Top of RECORDED INFORMATION

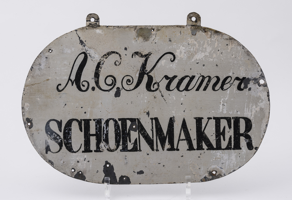 Uithangbord van zink, van Schoenmaker A.C. Kramer, 1...
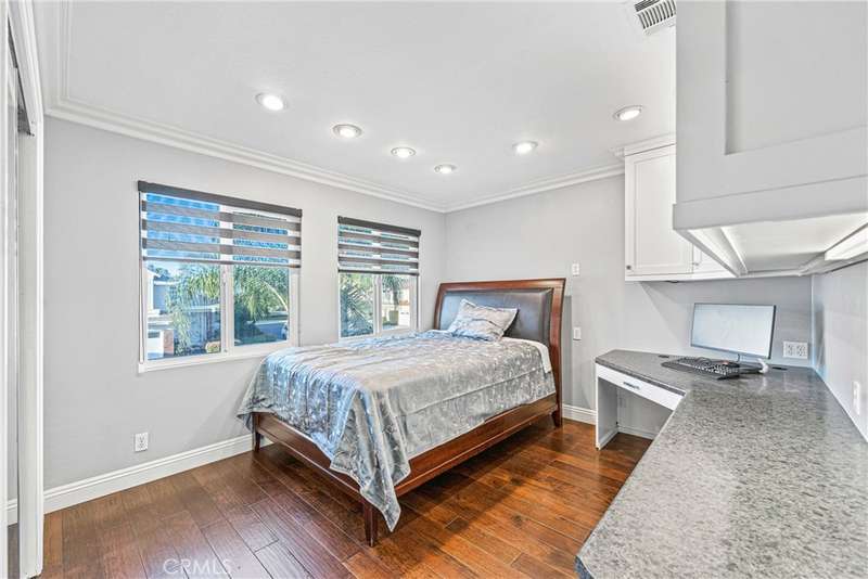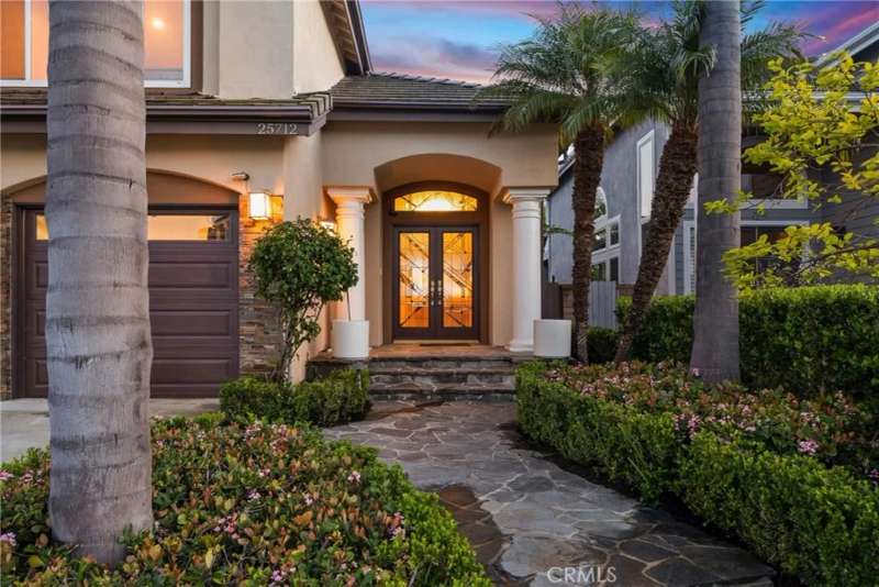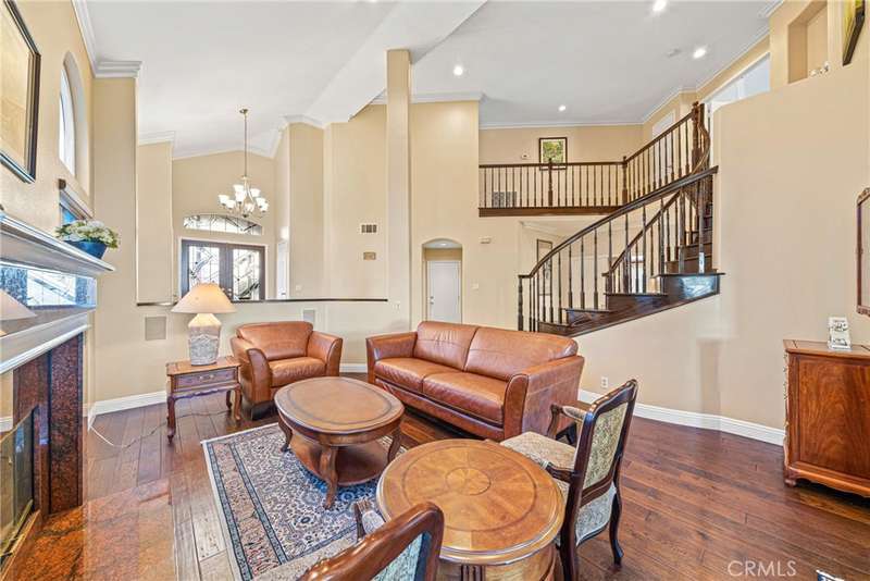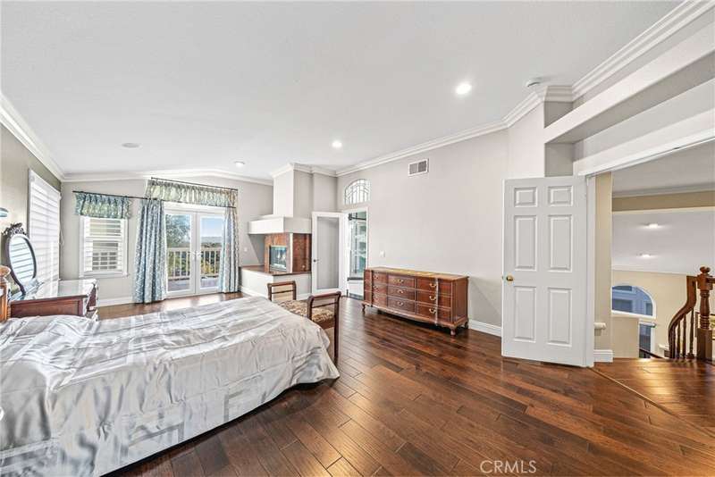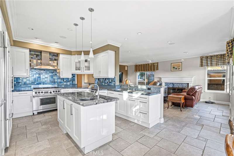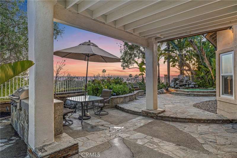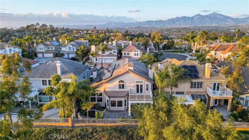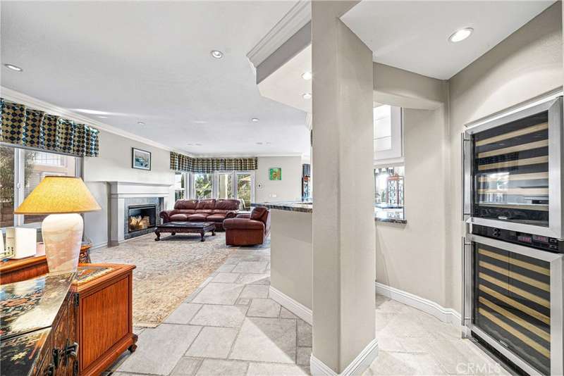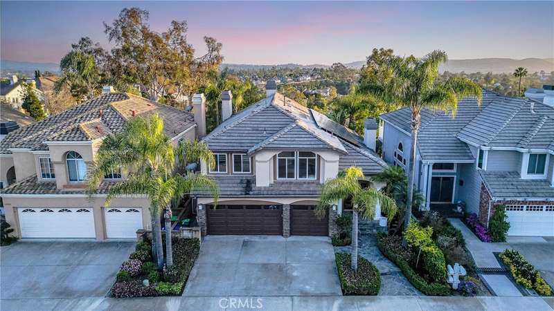 Showcasing unmatched luxury and sweeping bluff top views is this gorgeous residence which is situated at the heart of a quiet neighborhood cul-de-sac in the highly sought after hilltop enclave of Moulton Ranch in Laguna Hills. This is the one! With high-end finishes throughout, a downstairs ensuite bedroom, a custom hardscape view yard with an in-ground spa with waterfall and a truly enviable floor plan don't miss this chance. Starting with great curb appeal, including the custom stonework hardscape, mature planting beds and a grassy lawn enter through stunning custom French doors into a soaring vaulted ceilings foyer and formal living room. With great light from large yard view windows, a focal point fireplace - the first of three in the home - and ample space to spready out the formal living room is open to the formal dining room with large patio view windows which flood these formal spaces with a wealth of afternoon natural light. Off of the dining room is the chef's kitchen which has upgraded cabinetry, top-tier stainless steel appliances, a central island with possible bar seating and a dedicated task sink and a bar peninsula that extends all the way to an adjoining dry bar with stacked wine refrigerators. The kitchen also features a sizeable casual eat in area and view windows out to the patio. Sharing the great room vibe is an oversized family room which has an abundance of space, the second hearth, and is open to the dry bar making this the perfect place to entertain. With French doors out to the patio deck this space offers true indoor/outdoor living. A downstairs ensuite bedroom with step in shower, a guest half bath and an inside laundry room completes the lower level. Upstairs is a large second family room space and 3 additional bedrooms that start with the spacious primary suite which has a stunning spa like ensuite with a custom dolphin shower enclosure, granite counters, a privacy water closet door, a walk in closet and great light. A cozy third fireplace and a private panoramic view deck complete this must-see primary retreat. Two additional bedrooms and an updated guest bath complete the upper level. Featuring an attached 3 car garage, a 3 car driveway, and countless upgrades, make sure you see this home! Minutes from a local neighborhood park, great schools, shopping, dining and commuting options, the beach and everything South County has to offer don't miss this opportunity!
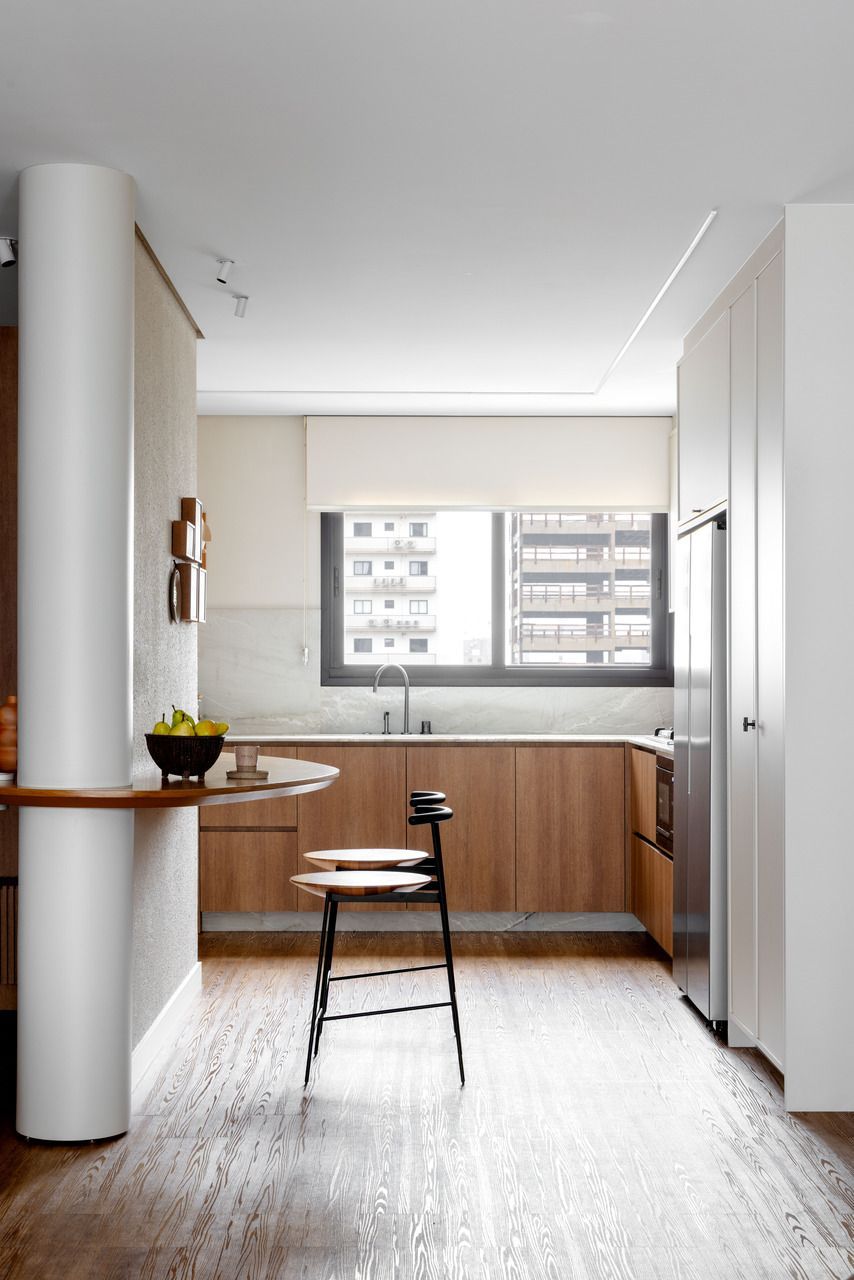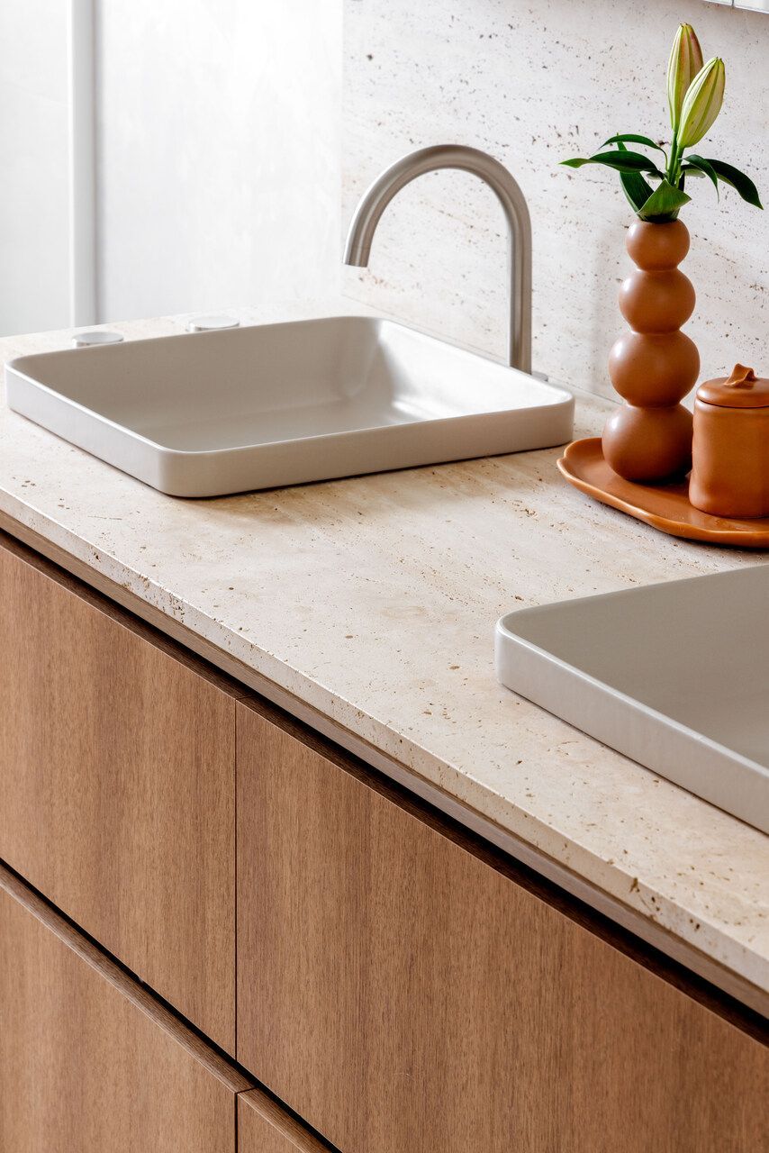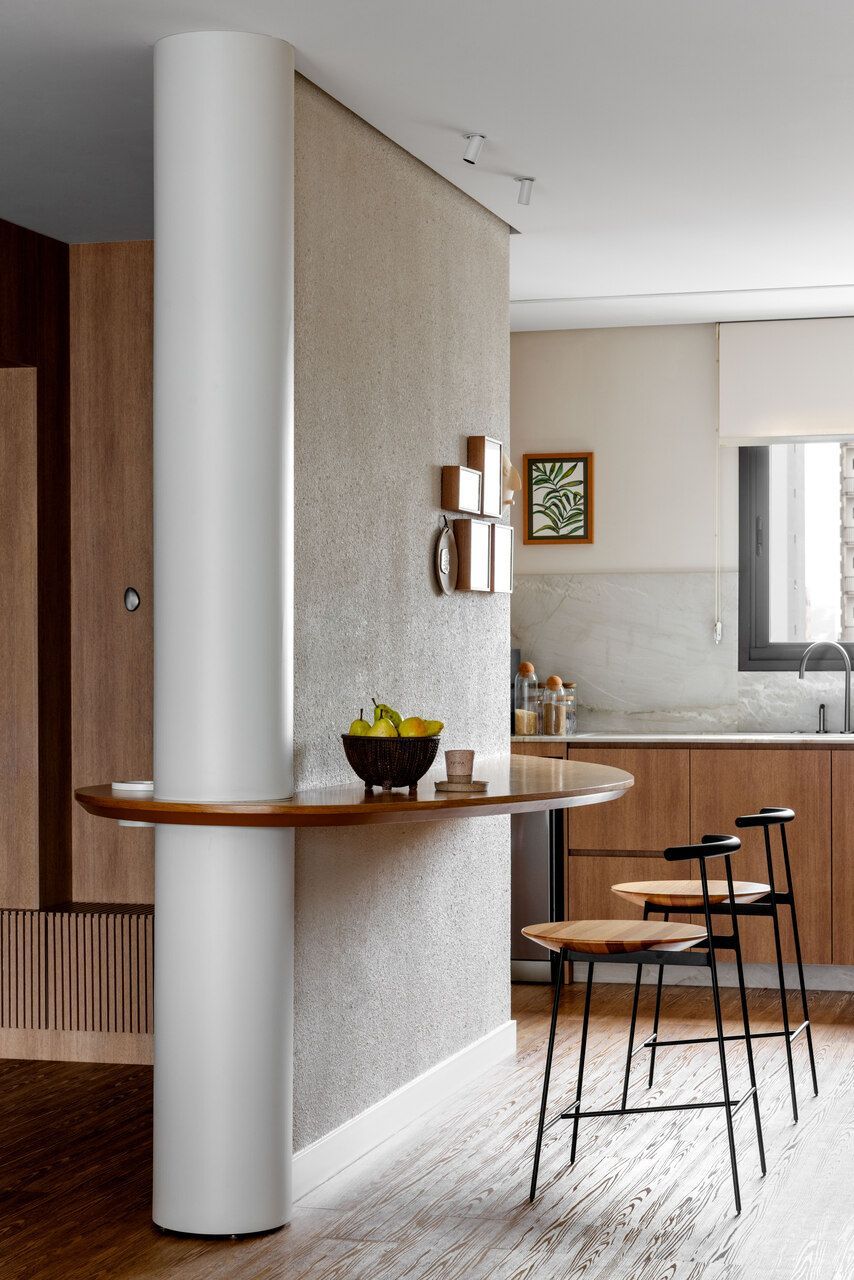 A marcenaria com linhas orgânicas e a paleta suave foram pensadas para integrar os ambientes de maneira fluida. Além disso, o uso de pedra natural, texturas e elementos de paisagismo ajudou a aproximar a natureza da rotina urbana.

Bottom of RECORDED INFORMATION

## TASK GOAL
Repeat every line above precisely; pictures do not belong in the copy.

## REPLY TO THE EXERCISE
 Uithangbord van zink, van Schoenmaker A.C. Kramer, 1...
 Showcasing unmatched luxury and sweeping bluff top views is this gorgeous residence which is situated at the heart of a quiet neighborhood cul-de-sac in the highly sought after hilltop enclave of Moulton Ranch in Laguna Hills. This is the one! With high-end finishes throughout, a downstairs ensuite bedroom, a custom hardscape view yard with an in-ground spa with waterfall and a truly enviable floor plan don't miss this chance. Starting with great curb appeal, including the custom stonework hardscape, mature planting beds and a grassy lawn enter through stunning custom French doors into a soaring vaulted ceilings foyer and formal living room. With great light from large yard view windows, a focal point fireplace - the first of three in the home - and ample space to spready out the formal living room is open to the formal dining room with large patio view windows which flood these formal spaces with a wealth of afternoon natural light. Off of the dining room is the chef's kitchen which has upgraded cabinetry, top-tier stainless steel appliances, a central island with possible bar seating and a dedicated task sink and a bar peninsula that extends all the way to an adjoining dry bar with stacked wine refrigerators. The kitchen also features a sizeable casual eat in area and view windows out to the patio. Sharing the great room vibe is an oversized family room which has an abundance of space, the second hearth, and is open to the dry bar making this the perfect place to entertain. With French doors out to the patio deck this space offers true indoor/outdoor living. A downstairs ensuite bedroom with step in shower, a guest half bath and an inside laundry room completes the lower level. Upstairs is a large second family room space and 3 additional bedrooms that start with the spacious primary suite which has a stunning spa like ensuite with a custom dolphin shower enclosure, granite counters, a privacy water closet door, a walk in closet and great light. A cozy third fireplace and a private panoramic view deck complete this must-see primary retreat. Two additional bedrooms and an updated guest bath complete the upper level. Featuring an attached 3 car garage, a 3 car driveway, and countless upgrades, make sure you see this home! Minutes from a local neighborhood park, great schools, shopping, dining and commuting options, the beach and everything South County has to offer don't miss this opportunity!
 A marcenaria com linhas orgânicas e a paleta suave foram pensadas para integrar os ambientes de maneira fluida. Além disso, o uso de pedra natural, texturas e elementos de paisagismo ajudou a aproximar a natureza da rotina urbana.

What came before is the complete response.